[Stored data entries]
+++

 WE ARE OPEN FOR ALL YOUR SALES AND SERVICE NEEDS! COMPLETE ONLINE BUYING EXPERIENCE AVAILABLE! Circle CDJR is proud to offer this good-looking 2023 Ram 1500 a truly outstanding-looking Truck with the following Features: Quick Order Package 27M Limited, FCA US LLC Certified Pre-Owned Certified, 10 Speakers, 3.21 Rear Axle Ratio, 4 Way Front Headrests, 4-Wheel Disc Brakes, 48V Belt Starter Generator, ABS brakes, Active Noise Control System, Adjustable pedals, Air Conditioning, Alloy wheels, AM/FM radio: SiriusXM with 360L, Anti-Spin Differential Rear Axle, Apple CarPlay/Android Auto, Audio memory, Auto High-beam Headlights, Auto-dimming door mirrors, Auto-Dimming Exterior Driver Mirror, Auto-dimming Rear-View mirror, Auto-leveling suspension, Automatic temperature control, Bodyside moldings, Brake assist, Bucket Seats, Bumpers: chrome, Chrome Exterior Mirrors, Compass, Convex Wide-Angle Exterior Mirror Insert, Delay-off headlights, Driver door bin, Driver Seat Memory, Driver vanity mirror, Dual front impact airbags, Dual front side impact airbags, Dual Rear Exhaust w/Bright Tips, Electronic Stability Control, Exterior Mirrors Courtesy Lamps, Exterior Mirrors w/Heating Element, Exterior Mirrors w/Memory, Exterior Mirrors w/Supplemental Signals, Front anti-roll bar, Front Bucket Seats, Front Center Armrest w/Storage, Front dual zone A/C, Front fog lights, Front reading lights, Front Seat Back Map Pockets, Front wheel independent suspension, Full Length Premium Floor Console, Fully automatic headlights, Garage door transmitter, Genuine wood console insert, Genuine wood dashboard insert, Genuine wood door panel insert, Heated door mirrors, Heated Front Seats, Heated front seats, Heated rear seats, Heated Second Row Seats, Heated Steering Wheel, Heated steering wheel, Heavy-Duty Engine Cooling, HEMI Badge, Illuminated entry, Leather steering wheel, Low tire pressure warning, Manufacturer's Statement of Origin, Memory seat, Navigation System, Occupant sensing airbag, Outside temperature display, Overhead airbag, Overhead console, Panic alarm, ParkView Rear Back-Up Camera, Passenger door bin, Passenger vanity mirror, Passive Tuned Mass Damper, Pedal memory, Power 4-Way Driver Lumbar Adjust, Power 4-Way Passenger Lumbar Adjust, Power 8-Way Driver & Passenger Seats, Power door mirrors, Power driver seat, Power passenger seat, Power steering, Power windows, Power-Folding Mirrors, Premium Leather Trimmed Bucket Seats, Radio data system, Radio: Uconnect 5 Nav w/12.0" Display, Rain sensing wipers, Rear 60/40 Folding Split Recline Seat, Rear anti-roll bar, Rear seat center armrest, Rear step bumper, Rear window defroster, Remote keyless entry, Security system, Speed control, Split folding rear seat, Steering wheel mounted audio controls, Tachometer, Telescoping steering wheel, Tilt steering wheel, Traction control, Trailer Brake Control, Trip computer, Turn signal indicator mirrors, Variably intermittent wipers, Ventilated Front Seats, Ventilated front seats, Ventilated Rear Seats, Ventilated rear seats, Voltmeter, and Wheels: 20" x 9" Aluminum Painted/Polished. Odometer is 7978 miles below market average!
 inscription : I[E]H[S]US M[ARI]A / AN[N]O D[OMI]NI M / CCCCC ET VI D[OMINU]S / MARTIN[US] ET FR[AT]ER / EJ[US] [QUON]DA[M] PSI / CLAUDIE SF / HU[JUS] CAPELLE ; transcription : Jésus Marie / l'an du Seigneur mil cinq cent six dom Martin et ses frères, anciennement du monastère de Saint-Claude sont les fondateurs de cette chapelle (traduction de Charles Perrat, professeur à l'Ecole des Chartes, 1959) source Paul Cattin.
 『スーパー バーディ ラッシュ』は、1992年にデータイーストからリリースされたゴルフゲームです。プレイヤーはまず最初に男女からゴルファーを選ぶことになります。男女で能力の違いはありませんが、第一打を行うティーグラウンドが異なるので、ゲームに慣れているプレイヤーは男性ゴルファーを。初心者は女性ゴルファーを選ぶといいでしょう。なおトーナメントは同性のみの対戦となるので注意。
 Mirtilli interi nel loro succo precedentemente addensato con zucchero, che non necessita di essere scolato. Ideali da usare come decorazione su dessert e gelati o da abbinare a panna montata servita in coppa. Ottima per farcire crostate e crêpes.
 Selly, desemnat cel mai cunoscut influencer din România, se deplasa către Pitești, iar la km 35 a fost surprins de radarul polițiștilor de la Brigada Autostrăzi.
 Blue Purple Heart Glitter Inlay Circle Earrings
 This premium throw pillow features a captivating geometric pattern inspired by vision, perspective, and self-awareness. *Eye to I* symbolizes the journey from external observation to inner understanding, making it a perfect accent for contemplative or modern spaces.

+++

Instructions to follow - Only what runs from the line containing "Blue Purple Heart" through the final line of the entries above belongs in the answer, restated exactly.

Task solution -
 Blue Purple Heart Glitter Inlay Circle Earrings
 This premium throw pillow features a captivating geometric pattern inspired by vision, perspective, and self-awareness. *Eye to I* symbolizes the journey from external observation to inner understanding, making it a perfect accent for contemplative or modern spaces.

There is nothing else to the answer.